Polozov told RFE/RL that all charges against Chiygoz and Umerov have been dropped.
"Their release became possible thanks to the support of those who are not indifferent to political prisoners, who are not indifferent to Crimean Tatars," Polozov said. He said the releases were the result of "huge judicial, diplomatic, and political work" by Dzhemilev, Erdogan, and others.
"Neither Akhtem Chiygoz nor Ilmi Umerov asked for clemency or amnesty," Polozov said. "They are heroes of the Crimean Tatar people -- Ukrainian political prisoners for whom moral principles and conscience are more important than their own liberty. They are not people one can force to go on bended knee and ask for mercy from the Russian state."
In a Facebook post, Poroshenko thanked Erdogan for his role in the release of Chiygoz and Umerov, which came within weeks after Erdogan met with Putin in Ankara in late September and with Poroshenko in Kyiv on October 9.
"I thank...Erdogan for his efforts to release our heroes as we agreed in New York and Kyiv," Poroshenko said.
At a joint news conference with Poroshenko during his visit to Kyiv, Erdogan stressed that Turkey considers Crimea part of Ukraine and will continue to pay close attention to the plight of the Crimean Tatars, a Turkic-speaking, mostly Muslim minority whose members were largely opposed to the Russian takeover.
Russia seized Crimea in March 2014, sending in troops and staging a referendum denounced as illegal by dozens of countries.
Both Umerov and Chiygoz are deputy chairmen of the Mejlis, the Crimean Tatar self-governing body, which Russian authorities deemed extremist and outlawed in what rights groups and Western governments said was part of a persistent campaign of oppression targeting Crimean Tatars and other citizens who opposed Moscow's takeover.

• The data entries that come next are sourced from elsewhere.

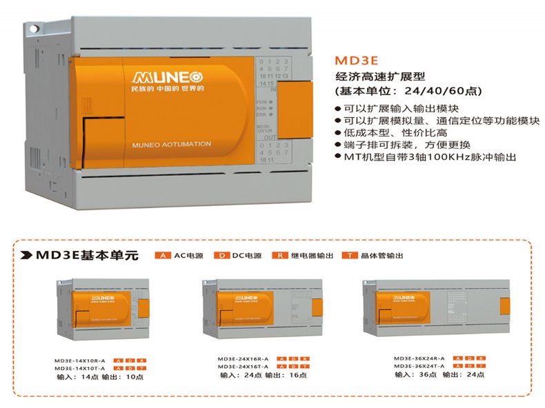 MUNEO木鸟PLC可编程控制器MD3E-14/24/40/60R/T-A全兼容三菱FX3GA系列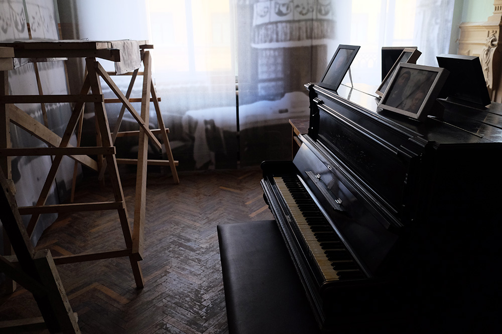 «Комната родителей напоминает о семье Бродского: там выставлены фотографии с дней рождения, и после отъезда поэта всегда собирались какие-то люди. Мы также поставили два пианино спина к спине — в течение дня будут играть джаз мужчина и женщина, такая вот перекличка».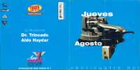 Volante. Ave Porco. Jueves Veinticuatro horas octubre. 1998 Portada azul para los eventos de "Jueves" en "Agosto", mostrando una imagen de una púa de tocadiscos, el logo de Tower Records y a los DJ Residents Dr. Trincado y Aldo Haydar.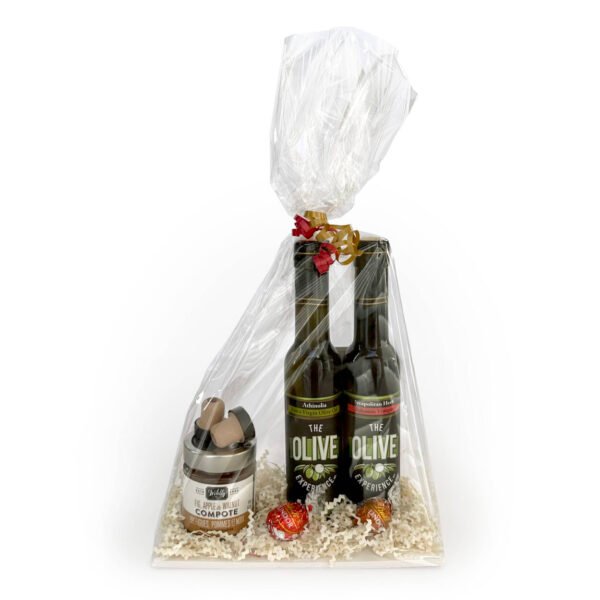 One 200ml bottle of Extra Virgin Olive Oil, one 200ml bottle of aged Balsamic Vinegar, two pour spouts, a bottle of gourmet Compote, and two chocolates, all mounted elegantly on a foam card.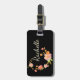 Gepäckumbau, der einen schwarzen Hintergrund mit orange rosa und grünen Blumen und einem kundenspezifischen Monogramm des Vornamens kennzeichnet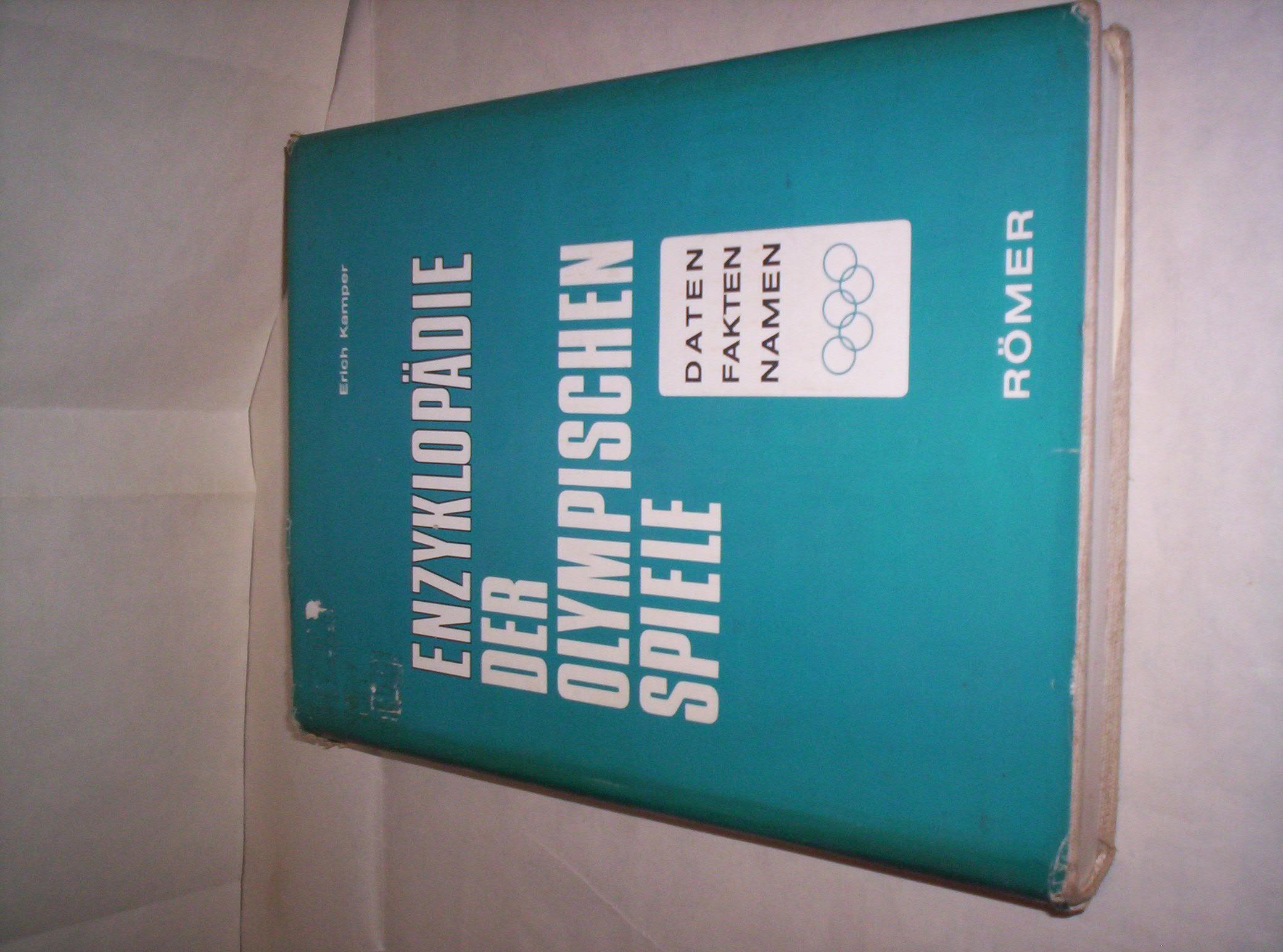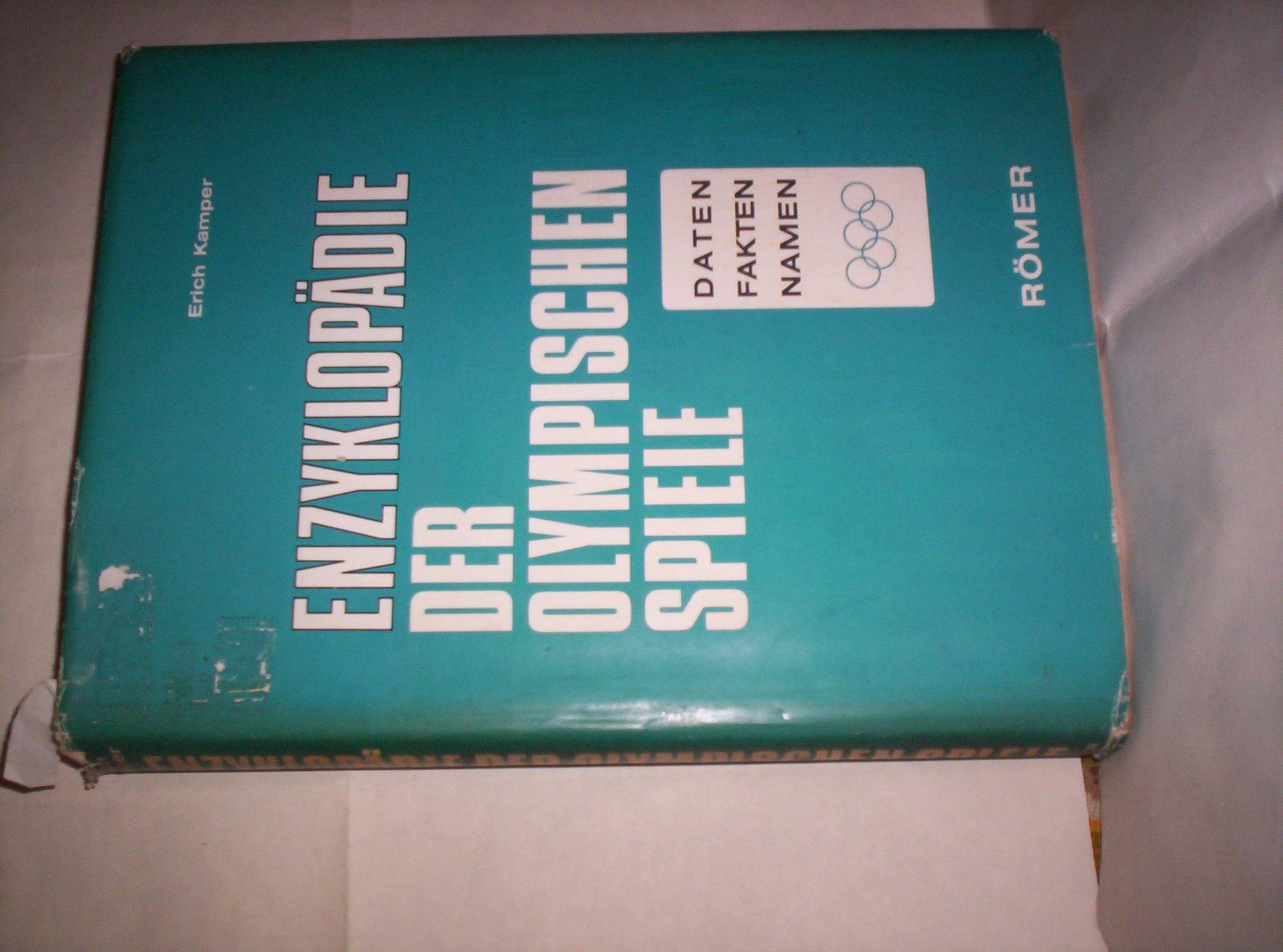 Erich Kamper: ENZYKLOPÄDIE DER OLYMPISCHEN SPIELE (Daten, Fakten, Namen), Römer Verlag, Stuttgart, 1972, format 22 x 30 cm, strana XIX + 360, uporedni trostubačni tekst na nemačkom, engleskom i francuskom jeziku, tvrde korice sa zlatotiskom, povez šivenjem, zaštitni omot sa klapnama. Kompletni rezultati od 1896. do 1972. godine u svim sportovima, sa svim pobednicima, pojedinačno i grupno (ekipno), muškarci i žene. Omot malo oštećen. Ima potpis i pečat vlasnika. Korišćeno. Stranice čiste i bez podvlačenja redova. Šaljem po uplati. Ne korespondiram SMS porukama. Ne prodajem knjige kupcima sa Kosova i ne šaljem u inostranstvo. Poštarina na teret prodavca.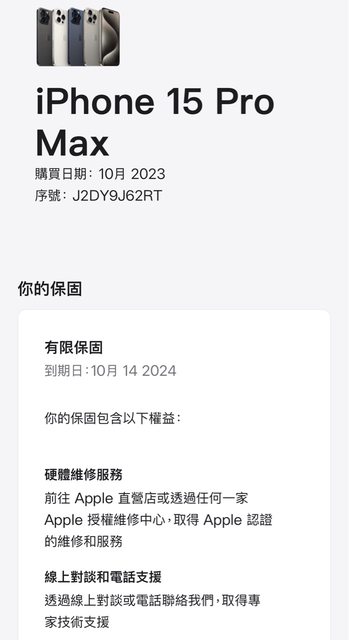 保固日期:2024/10/14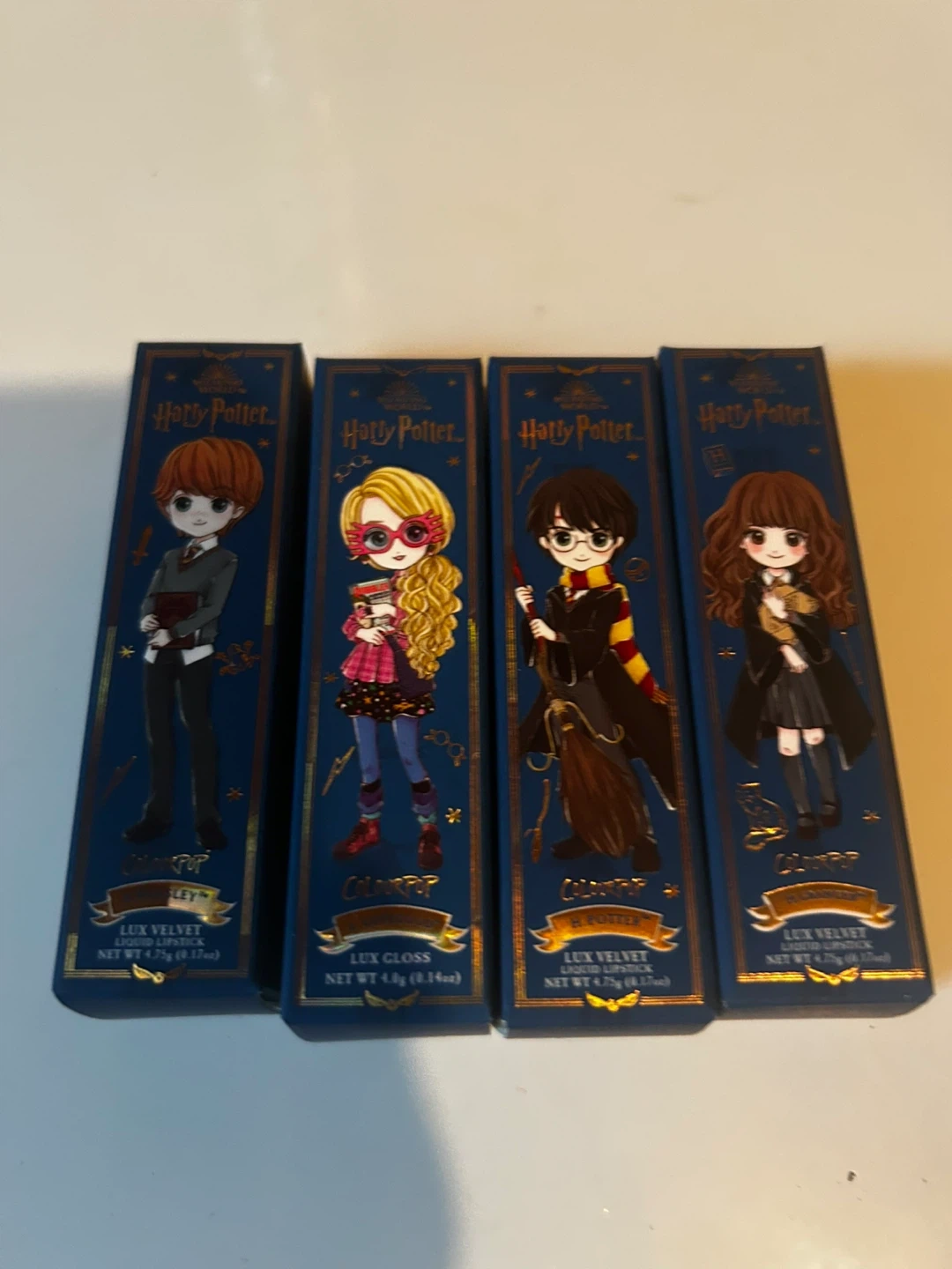 Selling four ColourPop Lux Velvet lipsticks from the Harry Potter collection! Includes Weasley, Lovegood, H. Potter, and H. Granger. Each lipstick contains 4.2g (0.15oz) of product. Perfect for any Harry Potter fan!
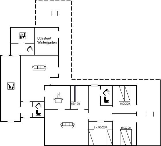 Der er i alt 4 soveværelser. Sovepladserne fordeler sig på: 6 sovepladser i enkeltsenge. 2 sovepladser i køjeseng.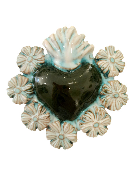 Cuore Sacro in ceramica conosciuto fin dall'antichità col nome di Ex Voto. E' un simbolo universale e antico presente in numerose tradizioni e culture, spesso con valore spirituale. Il cuore è inteso come fonte d'amore, saggezza e forza interiore.

Umerov, who suffers from diabetes and Parkinson's disease, was confined to a psychiatric hospital in August 2016, a decision condemned by Human Rights Watch as "an egregious violation of his rights."
The United States, the European Union, and others have condemned the trials of both men and called for their release.
A spokesperson for EU foreign policy chief Federica Mogherini on October 25 said that while the men's release is "good news," Russia should also release other illegally detained Ukrainians, reverse its decision to ban the activities of the Mejlis, and respect the political rights of Crimean Tatars.
The spokesperson said the EU "appreciates the efforts of all those who also worked for this outcome."
In March, the European Parliament called on Russia to free more than 30 Ukrainian citizens it said were in prison or other conditions of restricted freedom in Russia, Crimea, and parts of eastern Ukraine that are controlled by Russia-backed separatists. Most of them remain in custody.
In his Facebook post, Poroshenko said he would seek the release of all Ukrainians held by Russia.
"This issue will remain as one of the urgent ones in my talks with the world's leaders," he said, vowing to continue what he called "the joint fight for liberation of all Ukrainian citizens and their return home."